Why Do Something If It Can Be Done: Quoting Gertrude Stein # 66


Yes they did it. They pulled it off. The Contemporary Jewish Museum, arm in arm with the Smithsonian Portrait Gallery in DC (where the show will go from San Francisco) made it happen: the long-awaited exhibition Seeing Gertrude Stein: Five Stories, the first-ever attempt to portray Stein in an exhibition, is a marvel of a show.
A dozen years in the making, the exhibition is as “peaceful and exciting” as Gertrude could have wished for. Everybody – scholarly Steinians, would-be-Steinians, “Gertrude Stein who?”-Steinians, youngsters, hipsters and the rest can and will and must enjoy the portrait of the genius who has enlightened, puzzled and troubled our world for a good 100 years.
The immediate impression – that’s all I can give so far – is that Gertie, Gertrude, Gertrude Stein and Gertrude and Alice are all palpably present (in three dimensions like the 1975 pop-up Stein by artist Red Grooms shown above) and that the show is just like her: sumptuous, good-humored, highly intelligent, brainy and eccentric, sophisticated and unpretentious all at the same time.
From the entry, where Stein’s famous line “When this you see remember me” crosses a wall, the eye catches the big Buddha-like sculpture of the author by Jo Davidson (permamently enthroned in Manhattan, in front of the Public Library). A break in the wall behind it opens onto the blue-and-white pigeon wall-paper that used to cover a whole room in Gertrude and Alice’s second Paris apartment, on Rue Christine, and here merrily covers the entire museum wall. A small video screen nearby shows Stein with thick-rimmed glasses, reciting her poem,
“Pigeons on the grass alas.
Pigeons on the grass alas.
Short longer grass short longer longer shorter yellow grass Pigeons large pigeons on the shorter longer yellow grass alas pigeons on the grass.”
Then she looks at the camera with an ambiguous half-grin and states that this was exactly what she saw: pigeons on the grass, in her yard. There you have it. It’s as simple as that.

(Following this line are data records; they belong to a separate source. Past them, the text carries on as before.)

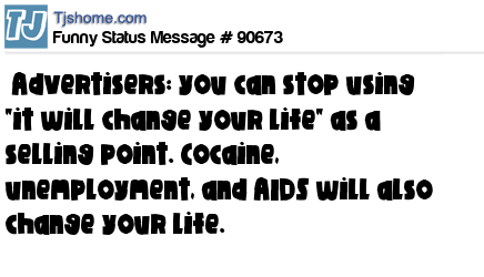 X Advertisers: you can stop using "it will change your life" as a selling point. Cocaine, unemployment, and AIDS will also change your life.
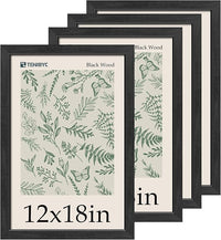 12x18 Frame Set of 4, Textured Black Wood & HD Tempered Glass, 12x18 Poster Picture Frame, Vertical & Horizontal Wall Hanging
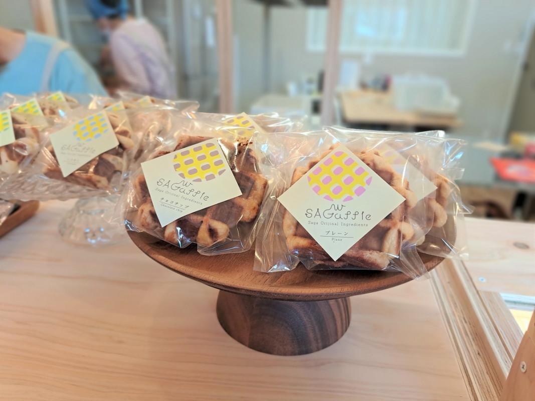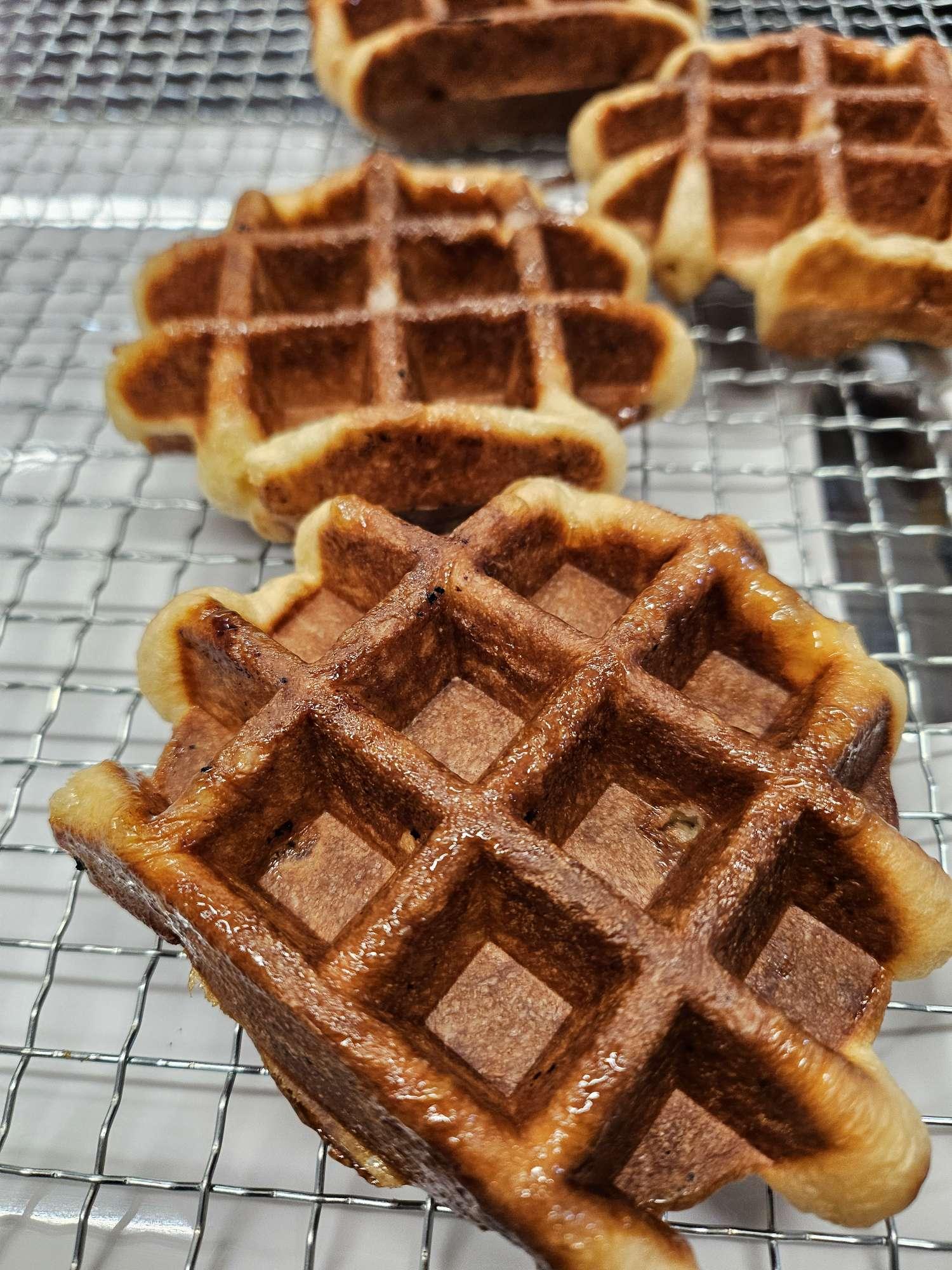 本場ドイツから取り寄せたワッフルメーカーで焼き上げたリエージュワッフル数種類の焼き立てワッフル(¥200~)が並びます

Another wall is covered with an oversized, pleased-looking Stein presenting her brand-new evening suit tailored by fashion designer Pierre Balmain. In “Story 2: Domestic Stein”, two of her beautiful, elaborately embroidered vests, both perhaps made by Alice, round out Stein’s sensuous presence.
In the cornucopia of photographs, original art work, posters and of course books, there is enough of the familiar (the art-covered studio walls at 27 Rue de Fleurus, the portraits of Stein by all the famous photographers and artists, the Ford, the dogs and the country house) to set a solid base for the intention of the show to present Stein’s less familiar faces.
“Everyone has their own narrative on who is Gertrude Stein,” the two curators of the show, scholars Wanda Corn and Tirza Latimer, explained in the opening lecture. Instead of the well-known Stein, the “patron collector, the Stein of the Lost Generation, or the difficult-to-read Stein,” they wanted to present the “unknown Stein” as well as the “visual Stein,” i.e. the writer who inhabited a visual world and insisted that for writing, eyes “were more important than ears.”
Seeing Gertrude : Five Stories focuses on the period between 1920 and 1946, when Stein could no longer afford to buy Picasso or Matisse and instead collected affordable artists from all walks of life who were young, gay, and admiring (part of “Story 3: The Art of Friendship”). The curators were interested in the American rather than the expatriate Stein (“Story 4: Celebrity Stein” with the US Lecture Tour). They did not want to present Stein as the lonesome genius, but as the collaborator with other artists who became her “second family.”

The exhibition certainly succeeds in making Stein “visual.” There is an abundance of multimedia: movie footage and a two-hour slide show of photographic images in “Story 1: Picturing Gertrude Stein,” showing what Stein looked like in her various bohemian and post-bohemian, monk- and dyke-style outfits. There are marvelous audio-samples of the author reading from her work and there are many filmed excerpts from her collaborations – her two operas and her one ballet – in rare historical and modern versions.
“Stein has always evoked passionate responses,” the exhibition tells us. “She paraded, even celebrated, her contradictions. Her literay innovations were radical but her political beliefs conservative. She was a lesbian who perferred the intellectual company of men. She was born and raised a Jew but did not give Judaism a central place in her public identity. A self-acclaimed genius, she preferred talking to the man in the street rather than those in power. She was an expatriate who wanted to be famous in her home country. She was beloved but also feared and disliked. Seeing Gertrude Stein: Five Stories explores this complex and fascinating woman.”

Not all of these contradictory facets are visible or easily detectable in the exhibition. One story – the Jewish story –- seems to be entirely missing. We will have to wait for the catalogue-book, to be published any day by UC Press, to find out why, and find out more.